Nach § 199 Abs. 3 S. 1 Nr. 2 tritt eine Verjährung der Ansprüche ohne Rücksicht auf Entstehung und Kenntnis in 30 Jahren, vom schadensauslösenden Ereignis an, ein.

 

Bemerkung:

Bezogen auf den Raum Gronau-Epe ist festzuhalten, dass sich das bergbauliche Geschehen sehr langfristig vollzieht. Solange sich ein konkretes Objekt (z. B. ein Wohngebäude) im Einwirkungsbereich einer Kaverne befindet, die einem Konvergenzprozess unterliegt, ist es Abbaueinwirkungen ausgesetzt. Diese können potentiell einen Bergschaden auslösen. Damit sind die Startzeitpunkte für die 10- und 30-Jahres-Frist erst nach Einstellung der Nutzung der Kaverne und ihrer vollständigen Verwahrung erreicht. Die 3-Jahres-Frist hat praktisch keine Bedeutung, da sich der Entstehungszeitpunkt eines Schadens nicht bestimmen lässt.
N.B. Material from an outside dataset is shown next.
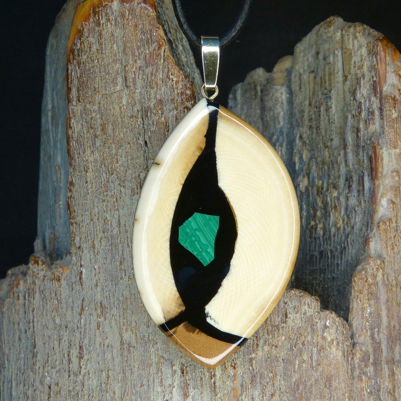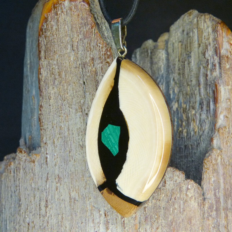 Auffälliger Anhänger aus cremigem und braunem Mammut-Elfenbein mit feiner Maserung und leichter Rindenfärbung. Als Intarsie wurde zusätzlich ein grüner rekonstruierter Malachit eingearbeitet.

Der Schaden muss dem Geschädigten bekannt sein, was bei verdeckten Schäden (z.B. an einer Grundleitung) erst nach Jahren der Fall sein kann.

Der dynamische Prozess des Bergbaus bewirkt, dass sich die Frage der Verjährung von Bergschaden-Ersatzansprüchen erst lange nach Einstellung der bergbaulichen Tätigkeit stellt.  

 

Haus- und Grundeigentümer handeln verantwortungsbewusst, wenn sie ihre Gebäude und Flächen im Auge behalten und ggf. auftretende Schäden erkennen. Sollte die Vermutung bestehen, dass es sich bei einzelnen Schäden um Bergschäden handeln könnte, ist das Gespräch hierüber mit dem Bergbau-Unternehmen zu suchen.